Veterans Day
Veterans Day: A perfect time to remember one of our national legacies, white people lynching black soldiers and recently returned veterans.
Returning African American veterans were met with a familiar “tenacious and violent white supremacy,” and their status as veterans made them special targets for white aggression. Though hailed as a hero during the war, Sergeant Henry Johnson was almost completely disabled from his wounds. Subject to the racially discriminatory administration of veterans’ benefits, he and many other black veterans were denied medical care and other assistance. After he publicly objected to the mistreatment of black veterans, Sergeant Johnson was discharged with no disability pay and left to poverty and alcoholism. Henry Johnson, patriot and war hero, died penniless and alone in 1929 at just 32 years old.
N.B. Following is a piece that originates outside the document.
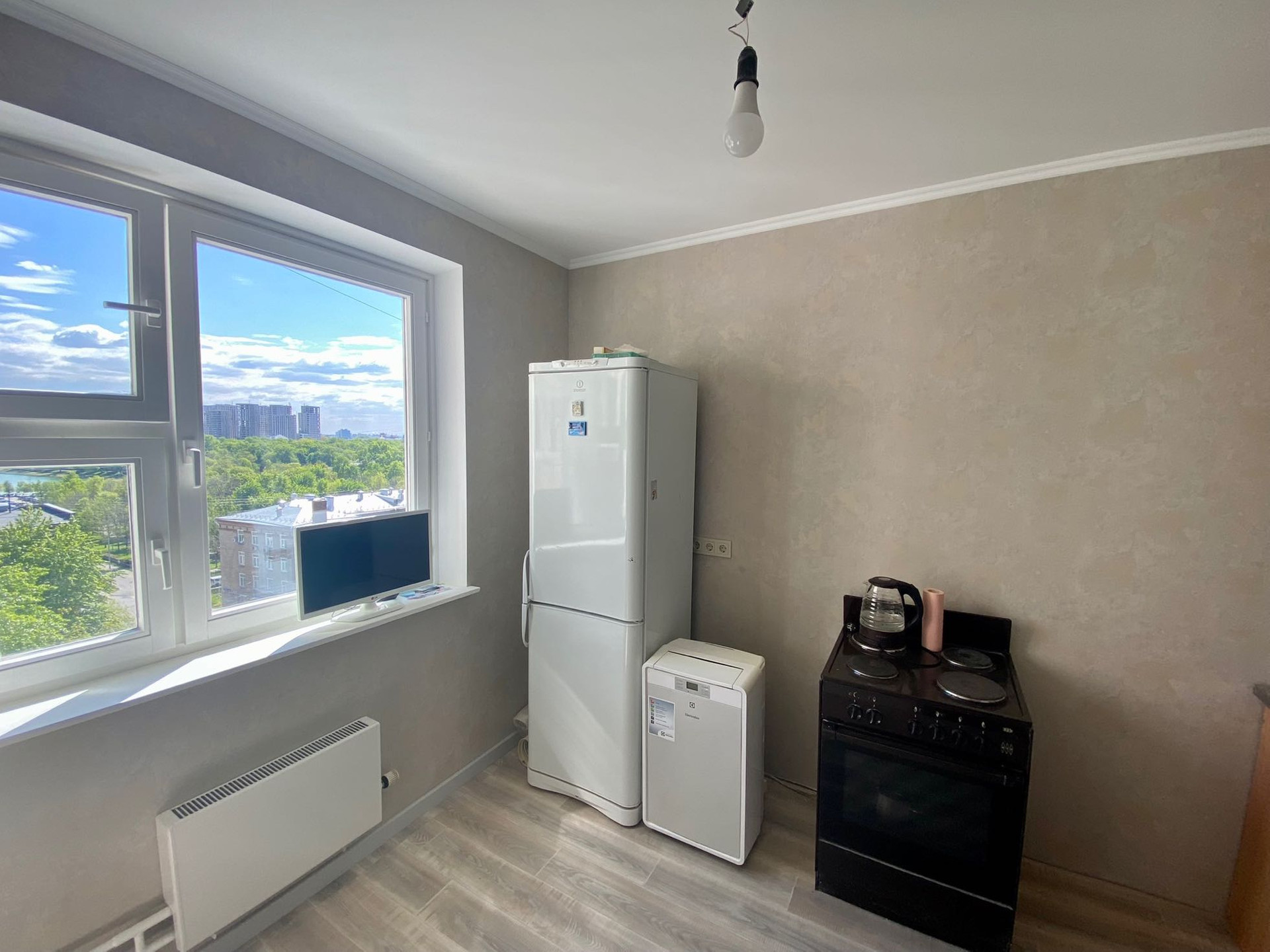 Просторная спальня/кухня/вместительная гардеробная и остеклённая лоджия, комфортный высокий потолок.

In Congress, the fear that returning soldiers posed a threat to racial hierarchy in the South was a matter of public record. On August 16, 1917, Senator James K. Vardaman of Mississippi, speaking on the Senate floor, warned that the reintroduction of black servicemen to the South would “inevitably lead to disaster.” For Senator Vardaman and others like him, black soldiers’ patriotism was a threat, not a virtue. “Impress the negro with the fact that he is defending the flag, inflate his untutored soul with military airs, teach him that it is his duty to keep the emblem of the Nation flying triumphantly in the air,” and, the senator cautioned, “it is but a short step to the conclusion that his political rights must be respected.”
White Americans also feared that meeting black veterans’ demands for respect would lead to post-war economic demands for better working conditions and higher wages and would encourage other African Americans to resist Jim Crow segregation and racially oppressive social customs. Veterans’ experience with firearms and combat exacerbated fears of outright rebellion. In addition, the prevalent stereotype of black men as chronic rapists of white women — frequently used to justify lynchings — was amplified by accounts of wartime liaisons between black troops and white French women. Such acceptance by French women, it was claimed, would give black veterans the idea that they had sexual access to white Southern women. So as black soldiers returned home to enjoy peace, many Southern whites literally “prepared for war.” Racial violence targeting African American veterans soon followed.
On April 5, 1919, a 24-year-old black veteran named Daniel Mack was walking in Sylvester, Georgia, when he accidentally brushed up against a white man as they passed each other. The white man responded angrily and an altercation ensued, leading to Mr. Mack’s arrest. At his arraignment, Mr. Mack said, “I fought for you in France to make the world safe for democracy. I don’t think you’ve treated me right in putting me in jail and keeping me there, because I’ve got as much right as anyone to walk on the sidewalk.” The judge responded, “This is a white man’s country and you don’t want to forget it.” He sentenced Mr. Mack to 30 days on a chain gang. Mr. Mack was serving his sentence when, on April 14, at least four armed men seized him from his cell and carried him to the edge of town, where they beat him with sticks, clubs, and the butts of guns, stripped him of his clothes, and left him for dead. Despite multiple skull fractures, Mr. Mack made his way to the home of a black family who helped him to escape town.
Ely Green and Daniel Mack survived and managed to flee the South, but many other black veterans did not make it out alive. In Pine Bluff, Arkansas, when a white woman told a black veteran to get off of the sidewalk, he replied that it was a free country and he would not move. For his audacity, a mob took him from town, bound him to a tree with tire chains, and fatally shot him as many as 50 times.
A month after World War I ended, Private Charles Lewis returned home to Tyler Station, Kentucky, where a mob of masked men lynched him on December 16, 1918. Private Lewis was wearing his uniform when he encountered Deputy Sheriff Al Thomas, who attempted to arrest him for robbery. Private Lewis denied guilt and pointed to his uniform, declaring that he had been honorably discharged and had never committed a crime. The two men argued and Private Lewis was charged with assault and resisting arrest. Private Lewis was awaiting transfer to the Fulton County Jail in Hickman, Kentucky, as news of his challenge to white authority spread and a mob of 75 to 100 people formed. At midnight, masked men stormed the jail, smashed the locks with a sledgehammer, pulled Private Lewis out of his cell, tied a rope around his neck, and hanged him from a tree. The next day, hundreds of white spectators viewed Private Lewis’s dead, hanging body, still in uniform. At least 10 more black veterans were lynched in 1919 alone.